USD/JPY Technical Analysis: Dominance of the bulls in place
Over the past two trading sessions of the past week, the price of the USD/JPY currency pair rose with gains at the 115.43 level before closing stable trading around the 115.18 level. In a sudden wave of hiring, the US economy added a total of 467,000 solid jobs last month, a sign of the economy’s resilience in the face of a wave of Omicron infections.
Friday’s government report also drastically revised its job gain estimates for November and December to a total of 709,000 jobs. He also said the country’s unemployment rate fell from 3.9% to 4%, mainly because more people started looking for work and not all found jobs immediately. Strong job growth in January, which defied expectations of modest gains, showed that many employers are eager to hire even as the pandemic hits. Companies seem to have viewed the Omicron wave as having, at most, a temporary effect on the economy and remain confident in their long-term prospects.
US job gains in January and strong upward revisions to previous months mean the US has 1.1 million more jobs than government data showed just ago a month. Strong hiring, along with steady wage gains, is boosting consumer spending, which has hit faltering supply chains to accelerate inflation to its highest level in four decades. These trends will give the Fed more leeway to raise US interest rates, perhaps faster than expected, to calm inflation. The Fed has indicated that it will start raising interest rates in March and may do so again at its next meeting in May. A faster rise in interest rates could reduce borrowing and spending and potentially weaken the economy.

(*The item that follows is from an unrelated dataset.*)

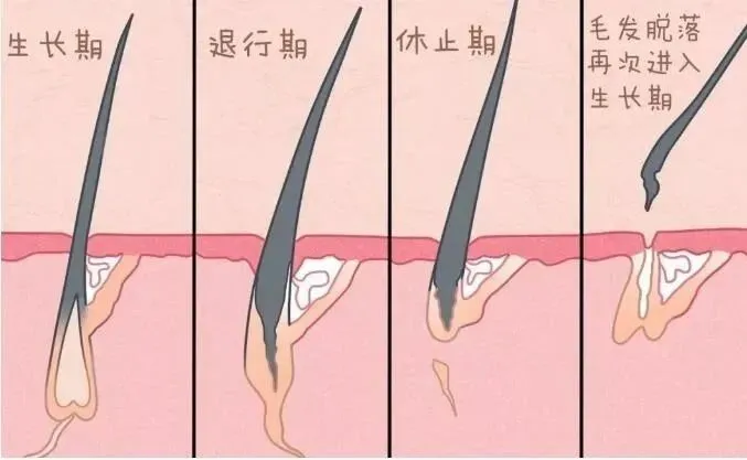 说到脱落期就不得不提到头发的生长周期,每个毛囊都有自己的代谢周期:生长期、休止期和脱落期。
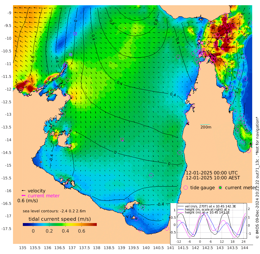 17cm/s 127T +3cm/s rms + 7cm/s -42T. ARA-GOC87 57m 31cm/s 163T +3cm/s rms + 2cm/s -2T. ARA-GOC87 60m 8cm/s 152T +2cm/s rms + 3cm/s 61T. ARA-GOC87 47m 181cm Daru 184cm Bobo Island 129cm Meer Island Barge 158cm Bramble Cay 184cm Unnamed Cay 190cm Pearce Cay 181cm Stephens Island 187cm Merrie England Shoals 188cm Mutacomal Reef 169cm Darnley Island Barge 139cm East Cay 175cm Yorke Island Barge 184cm Rennel Island 180cm Aureed Island 176cm Dungeness Reef 134cm Zagai Island 136cm Yam Island 77cm Dauan Island 70cm Saibai Island 93cm Phipi Reef 134cm Warrior Reef - West 73cm Mabuiag Island Barge 185cm Half Way Island 180cm Coconut Island 189cm Dugong Islet 162cm Poll Island 170cm Kirkcaldie Reef 148cm Suarji Island 152cm Sue Islet 81cm Hawkesbury Island 148cm Alert Patches 150cm Twin Island 75cm Badu Island 138cm St Pauls (Moa Island) 94cm Kubin (Moa Island) 121cm Ince Point 111cm Thursday Island 111cm Nardana Patches 102cm Turtle Head 79cm Round Island 84cm Goods Island 68cm Booby Island 76cm White Rocks Area 62cm Carpentaria 123cm Papou Point 83cm Bampfield Head 49cm Crab Island 71cm Red Wallis Island 95cm Packe Island 203cm Harrington Reef 70cm Herald Camp 31cm Sharp Point 86cm Red Island Point 115cm Possession Island 138cm Alpha Rock 169cm Frederick Point 186cm Wyborn Reef Light 180cm Tetley Island 121cm Triangle Reef 204cm Turtle Head Island 130cm Maclennan Cay 101cm Raine Island 175cm Mcsweeny Reef 163cm Collette Reef 124cm Shadwell Reef 178cm Hannibal Island 164cm Round Point 49cm Vrilya Point 151cm Cape Grenville 140cm Hicks Island 144cm Sir Charles Hardy Island 46cm Harvey Island 137cm Kay Reef 114cm Rocky Island 107cm Chapman Island 103cm Ham Reef 113cm Jubilee Reef 109cm Night Island 109cm Unnamed Reef No. 3 121cm Morris Island 114cm 1st 3 Mile Opening 119cm Creech Reef 116cm Fife Island 131cm Eden Reef 125cm Stanley Island 134cm Normanby River -67cm Yabooma Island -52cm Hutchison River -68cm Elcho Island -75cm North West Crocodile Island -10cm Cape Wessel -47cm Stevens Island 32cm Guluwuru Island -53cm Hopeful Bay -23cm Auster Point -29cm Two Island Bay -23cm Cadell Strait 85cm Mallison Island 11cm Melville Bay (Gove Harbour) 18cm Truant Island 13cm Cape Arnhem -6cm Cape Grey -20cm Hawk Island -56cm Milner Bay (Groote Eylandt) -50cm Cape Beatrice -67cm West Island -67cm Centre Island -60cm Mornington Island -52cm West Wellesley Islands -91cm Bountiful Island -144cm Albert River Mouth -162cm Sweers Island -136cm Karumba -23cm Nassau River Offshore 20cm Christmas Creek 35cm Archer River 48cm Boyd Point 39cm Weipa (Humbug Point) 44cm Pennefather River 39cm Cullen Point

Recently, US stocks have fallen on expectations that the Federal Reserve will tighten credit faster before stock prices rebound. The yield on 10-year US Treasury bonds jumped almost a tenth of a percentage point to 1.91%, a sign that investors expect borrowing costs to rise.
Overall, higher interest rates going forward will eventually affect the outlook for economic growth, which equities are currently pricing in. However, higher rates offer higher yields on US debt securities which attract international capital inflows and increase the value of the dollar. Some analysts point out that the US dollar tends to rise in the Fed’s rate hike cycle, but from then on performance could decline. In February, it could see more losses for the pound.
According to the technical analysis of the pair: The recent performance further confirms the magnitude of the opportunity for the bulls to control the direction of the price of the US Dollar against the Japanese Yen currency pair USD/JPY. Nevertheless, I always prefer to sell the pair from every bullish level. On the other hand, on the daily chart, the move towards the 113.45 support level will be the end of the pair’s bullish expectations and the start of a new opposite phase. US dollar pairs are on an important date this week as US inflation figures will be announced.